WHAT YOU WILL DO -
From the listing below, reproduce word for word the part that opens with the line containing "Приглашаем родителей с" and closes with the line containing "2色の糸が織りなす立体的な陰"; reproduce nothing else.

DATA FOR THE TASK -
..........

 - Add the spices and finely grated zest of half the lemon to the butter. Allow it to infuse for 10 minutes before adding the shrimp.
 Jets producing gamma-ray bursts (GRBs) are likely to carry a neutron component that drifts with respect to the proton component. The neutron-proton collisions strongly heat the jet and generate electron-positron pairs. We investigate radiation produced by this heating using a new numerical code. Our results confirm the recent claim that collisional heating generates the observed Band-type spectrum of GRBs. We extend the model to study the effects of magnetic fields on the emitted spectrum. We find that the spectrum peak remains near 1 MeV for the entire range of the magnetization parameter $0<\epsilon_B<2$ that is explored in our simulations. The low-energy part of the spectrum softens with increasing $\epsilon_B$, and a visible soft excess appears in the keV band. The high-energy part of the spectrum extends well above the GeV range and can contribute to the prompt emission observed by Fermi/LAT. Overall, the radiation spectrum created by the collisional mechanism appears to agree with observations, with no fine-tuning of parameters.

..........

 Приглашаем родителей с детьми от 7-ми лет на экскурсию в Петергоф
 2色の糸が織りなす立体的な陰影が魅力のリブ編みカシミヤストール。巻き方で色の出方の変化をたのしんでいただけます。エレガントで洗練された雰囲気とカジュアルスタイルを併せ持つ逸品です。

..........

REPLY TO THE TASK -
 Приглашаем родителей с детьми от 7-ми лет на экскурсию в Петергоф
 2色の糸が織りなす立体的な陰影が魅力のリブ編みカシミヤストール。巻き方で色の出方の変化をたのしんでいただけます。エレガントで洗練された雰囲気とカジュアルスタイルを併せ持つ逸品です。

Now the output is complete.